Stored data entries
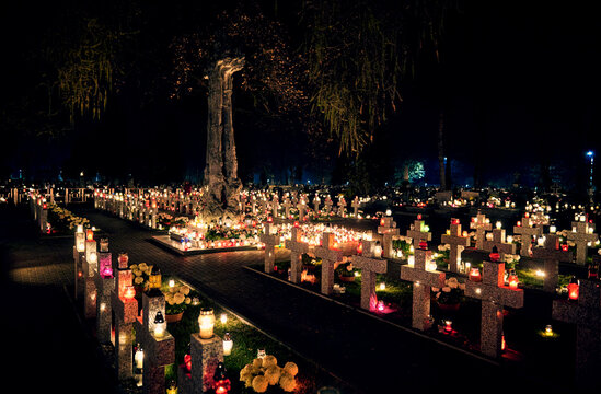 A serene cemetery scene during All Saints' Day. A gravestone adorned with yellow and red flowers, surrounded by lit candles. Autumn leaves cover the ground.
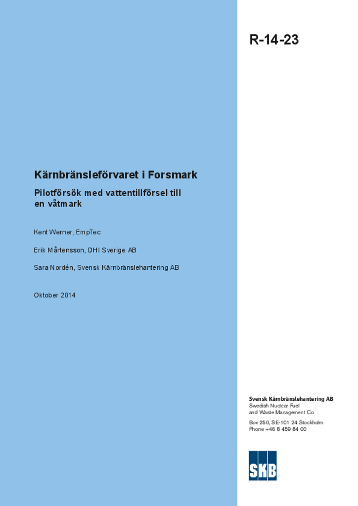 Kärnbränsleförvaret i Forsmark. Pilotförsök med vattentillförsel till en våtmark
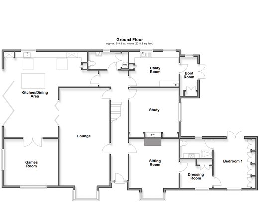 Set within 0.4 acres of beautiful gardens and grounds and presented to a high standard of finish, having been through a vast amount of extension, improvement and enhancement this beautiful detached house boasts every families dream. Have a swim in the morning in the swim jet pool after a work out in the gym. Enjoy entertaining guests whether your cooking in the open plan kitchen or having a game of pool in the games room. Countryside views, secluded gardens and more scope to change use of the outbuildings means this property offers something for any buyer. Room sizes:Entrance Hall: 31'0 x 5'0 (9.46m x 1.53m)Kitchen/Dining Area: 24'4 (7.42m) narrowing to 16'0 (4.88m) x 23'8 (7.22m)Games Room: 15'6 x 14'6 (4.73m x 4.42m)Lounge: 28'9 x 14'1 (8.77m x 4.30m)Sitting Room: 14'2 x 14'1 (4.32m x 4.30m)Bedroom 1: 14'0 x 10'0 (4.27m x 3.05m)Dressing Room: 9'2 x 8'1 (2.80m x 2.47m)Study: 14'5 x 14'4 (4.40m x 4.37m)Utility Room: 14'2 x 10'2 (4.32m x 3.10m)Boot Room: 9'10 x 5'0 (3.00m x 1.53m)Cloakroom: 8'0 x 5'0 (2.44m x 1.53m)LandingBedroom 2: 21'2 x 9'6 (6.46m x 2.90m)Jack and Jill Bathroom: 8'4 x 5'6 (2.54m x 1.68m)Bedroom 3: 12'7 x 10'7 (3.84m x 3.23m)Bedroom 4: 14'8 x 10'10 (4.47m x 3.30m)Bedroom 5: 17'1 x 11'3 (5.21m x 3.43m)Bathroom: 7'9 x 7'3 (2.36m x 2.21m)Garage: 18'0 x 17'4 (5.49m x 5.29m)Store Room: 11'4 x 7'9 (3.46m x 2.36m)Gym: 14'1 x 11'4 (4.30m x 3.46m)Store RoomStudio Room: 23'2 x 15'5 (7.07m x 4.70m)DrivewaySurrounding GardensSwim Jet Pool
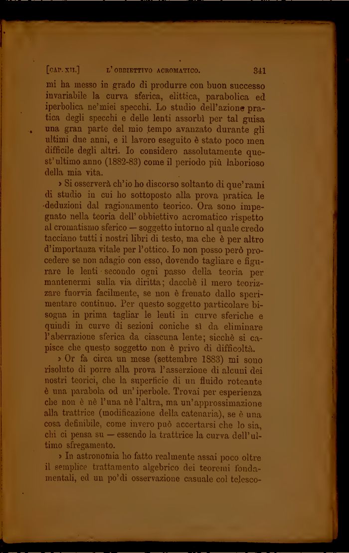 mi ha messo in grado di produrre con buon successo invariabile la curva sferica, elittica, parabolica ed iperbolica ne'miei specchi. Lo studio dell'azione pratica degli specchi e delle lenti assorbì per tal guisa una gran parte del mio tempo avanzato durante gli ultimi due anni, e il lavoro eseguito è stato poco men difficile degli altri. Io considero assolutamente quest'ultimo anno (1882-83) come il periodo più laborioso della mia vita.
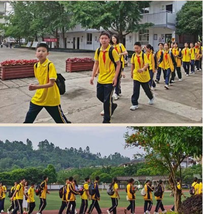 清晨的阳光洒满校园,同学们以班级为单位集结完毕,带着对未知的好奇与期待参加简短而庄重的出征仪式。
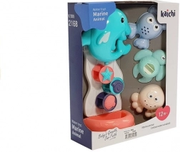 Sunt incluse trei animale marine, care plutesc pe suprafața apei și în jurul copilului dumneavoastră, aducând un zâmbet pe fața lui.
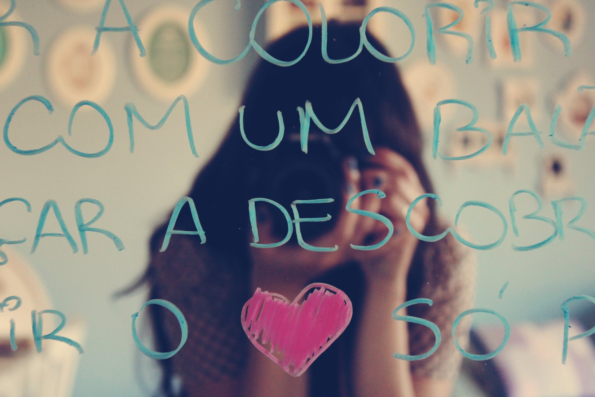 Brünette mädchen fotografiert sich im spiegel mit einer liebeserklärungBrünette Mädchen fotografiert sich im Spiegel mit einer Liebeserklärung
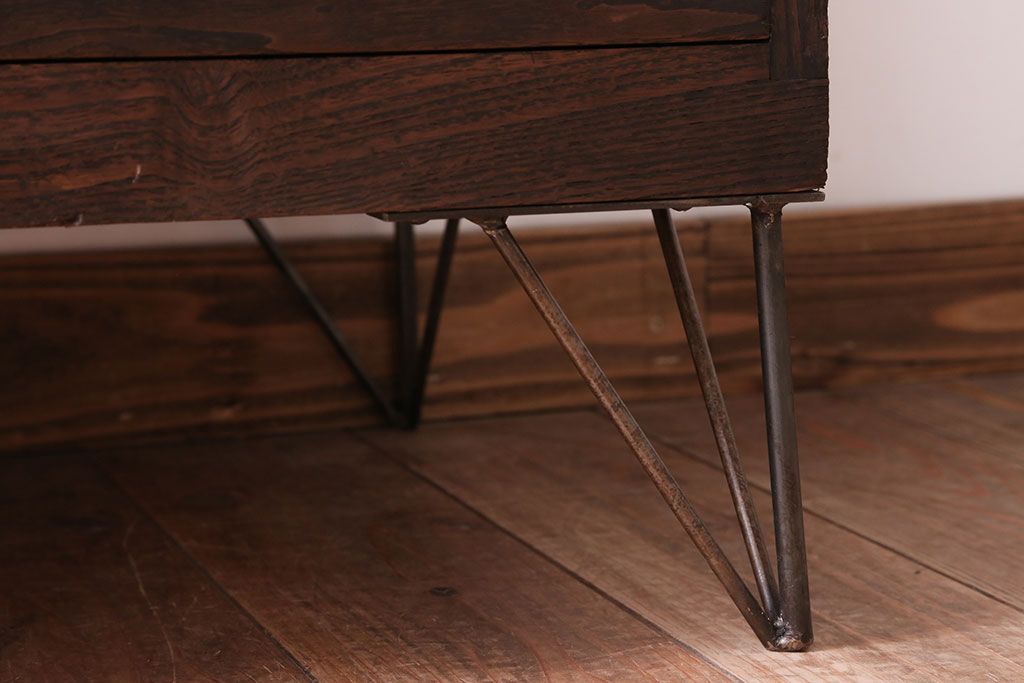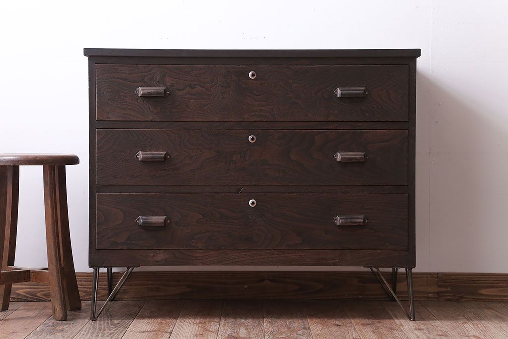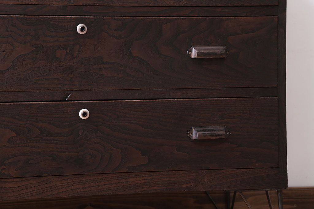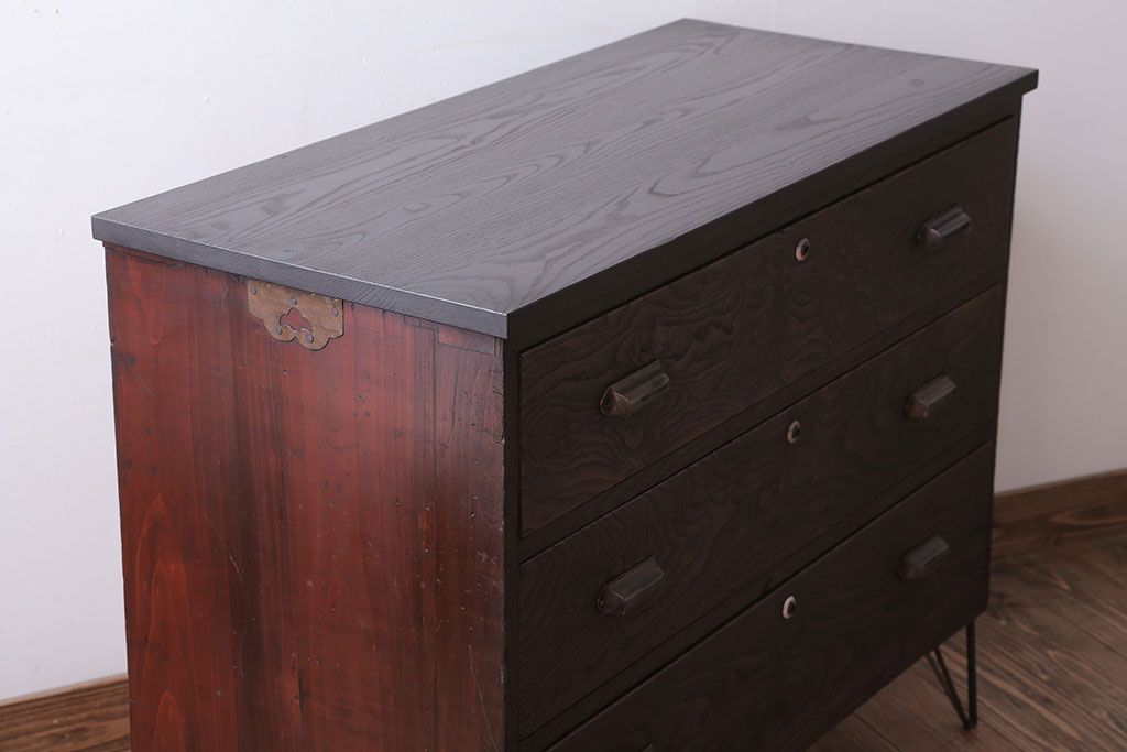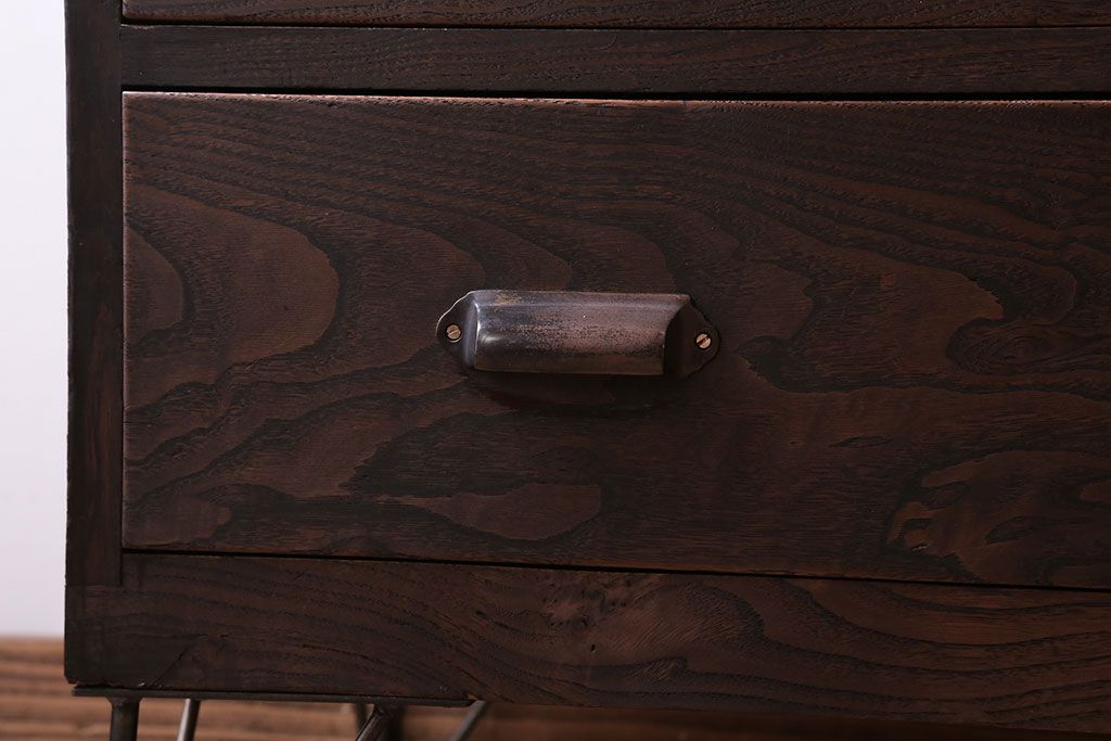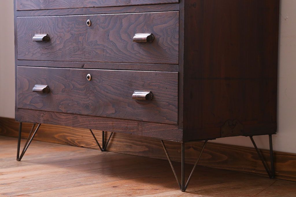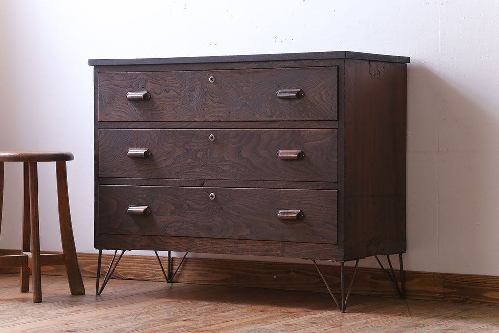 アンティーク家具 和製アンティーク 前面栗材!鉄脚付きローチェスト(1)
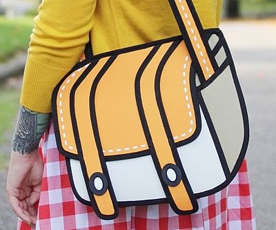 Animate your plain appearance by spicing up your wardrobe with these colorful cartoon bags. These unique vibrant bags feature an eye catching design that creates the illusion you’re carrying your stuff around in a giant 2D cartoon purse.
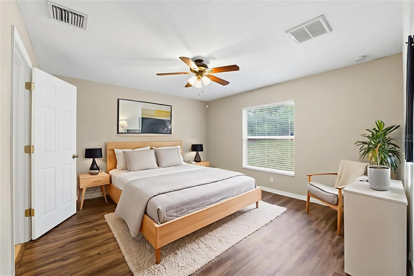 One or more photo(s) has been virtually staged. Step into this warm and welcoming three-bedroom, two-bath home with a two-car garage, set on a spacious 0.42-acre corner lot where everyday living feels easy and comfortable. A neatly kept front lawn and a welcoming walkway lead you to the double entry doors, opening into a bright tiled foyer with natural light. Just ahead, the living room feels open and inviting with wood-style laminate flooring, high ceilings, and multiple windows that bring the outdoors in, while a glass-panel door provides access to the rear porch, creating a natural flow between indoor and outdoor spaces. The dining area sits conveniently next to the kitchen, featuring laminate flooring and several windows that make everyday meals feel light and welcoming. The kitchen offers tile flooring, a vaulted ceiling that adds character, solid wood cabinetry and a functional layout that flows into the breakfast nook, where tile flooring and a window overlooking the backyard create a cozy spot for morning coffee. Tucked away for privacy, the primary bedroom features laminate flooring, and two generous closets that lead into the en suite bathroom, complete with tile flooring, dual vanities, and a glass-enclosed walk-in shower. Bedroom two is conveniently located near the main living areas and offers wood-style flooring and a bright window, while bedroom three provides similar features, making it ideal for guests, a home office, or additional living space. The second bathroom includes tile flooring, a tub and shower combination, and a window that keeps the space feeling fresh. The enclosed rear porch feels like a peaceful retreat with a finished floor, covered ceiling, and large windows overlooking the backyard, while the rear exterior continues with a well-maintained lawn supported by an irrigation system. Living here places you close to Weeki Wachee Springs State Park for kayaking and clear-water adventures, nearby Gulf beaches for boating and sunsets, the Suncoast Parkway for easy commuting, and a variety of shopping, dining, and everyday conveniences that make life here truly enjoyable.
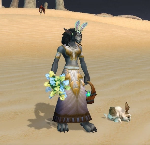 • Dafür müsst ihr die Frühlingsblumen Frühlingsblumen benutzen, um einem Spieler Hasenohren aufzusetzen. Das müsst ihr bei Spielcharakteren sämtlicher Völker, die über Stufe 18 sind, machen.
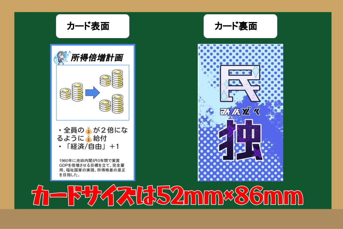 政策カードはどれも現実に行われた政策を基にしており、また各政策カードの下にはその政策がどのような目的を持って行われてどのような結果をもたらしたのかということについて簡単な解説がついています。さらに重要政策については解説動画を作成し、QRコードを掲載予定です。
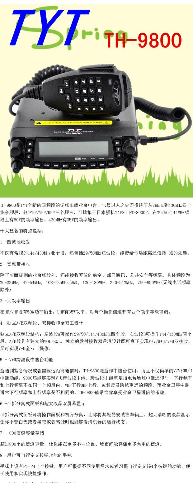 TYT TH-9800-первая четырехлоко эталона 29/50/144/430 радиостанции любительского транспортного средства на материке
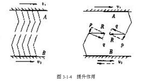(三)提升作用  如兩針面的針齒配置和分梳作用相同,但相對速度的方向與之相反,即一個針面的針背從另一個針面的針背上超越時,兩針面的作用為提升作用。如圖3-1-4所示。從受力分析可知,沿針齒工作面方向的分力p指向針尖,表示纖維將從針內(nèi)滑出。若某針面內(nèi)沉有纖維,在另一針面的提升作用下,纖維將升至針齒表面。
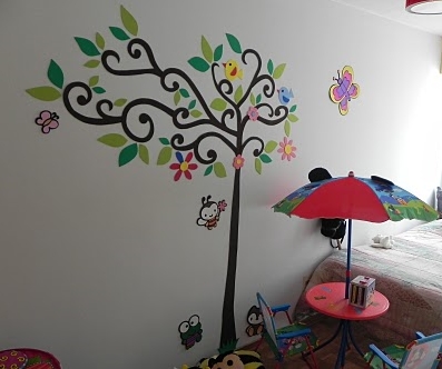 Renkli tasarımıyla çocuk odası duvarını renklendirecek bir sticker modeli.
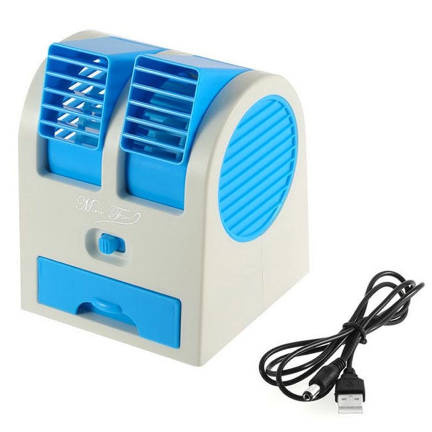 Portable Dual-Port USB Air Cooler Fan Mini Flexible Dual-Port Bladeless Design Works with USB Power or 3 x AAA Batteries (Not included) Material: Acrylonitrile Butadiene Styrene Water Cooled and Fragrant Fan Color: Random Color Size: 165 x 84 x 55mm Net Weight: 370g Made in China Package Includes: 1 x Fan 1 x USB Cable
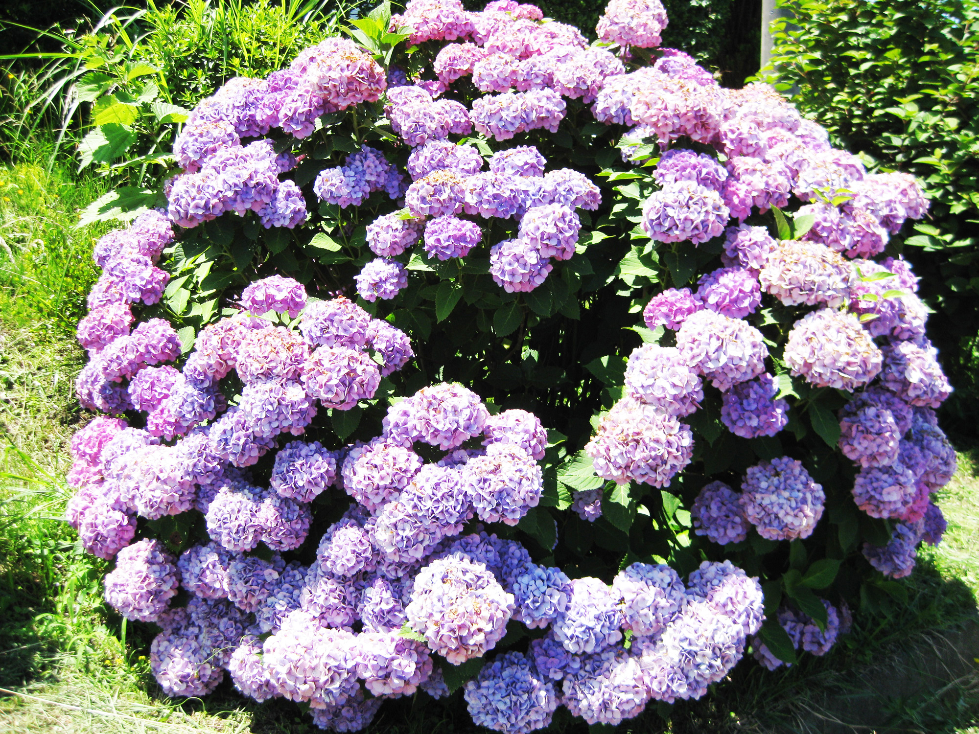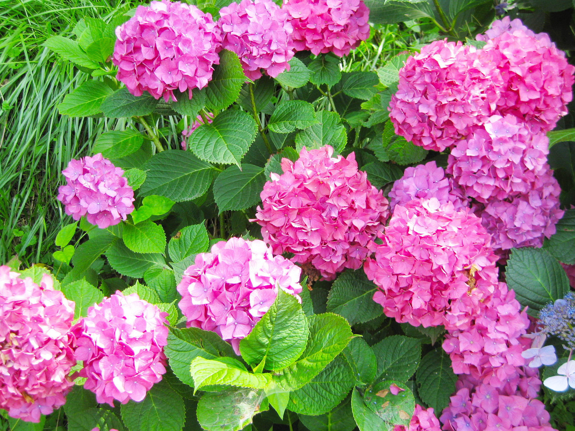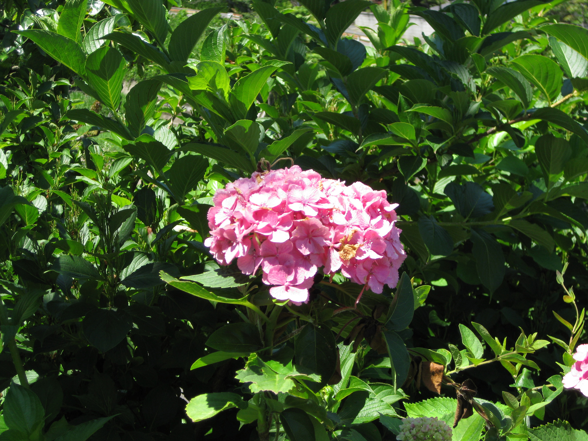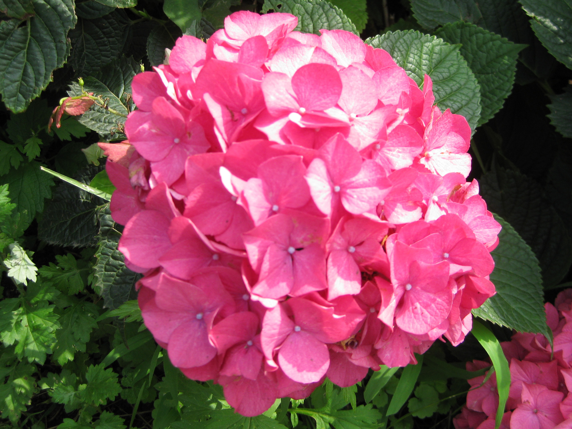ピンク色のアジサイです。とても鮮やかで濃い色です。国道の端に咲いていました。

→ The problem: Each line from the first line of the data above through the one containing "Kärnbränsleförvaret i Forsmark." must be set down exactly; the pictures must not be.

→ Completed task:
 A serene cemetery scene during All Saints' Day. A gravestone adorned with yellow and red flowers, surrounded by lit candles. Autumn leaves cover the ground.
 Kärnbränsleförvaret i Forsmark. Pilotförsök med vattentillförsel till en våtmark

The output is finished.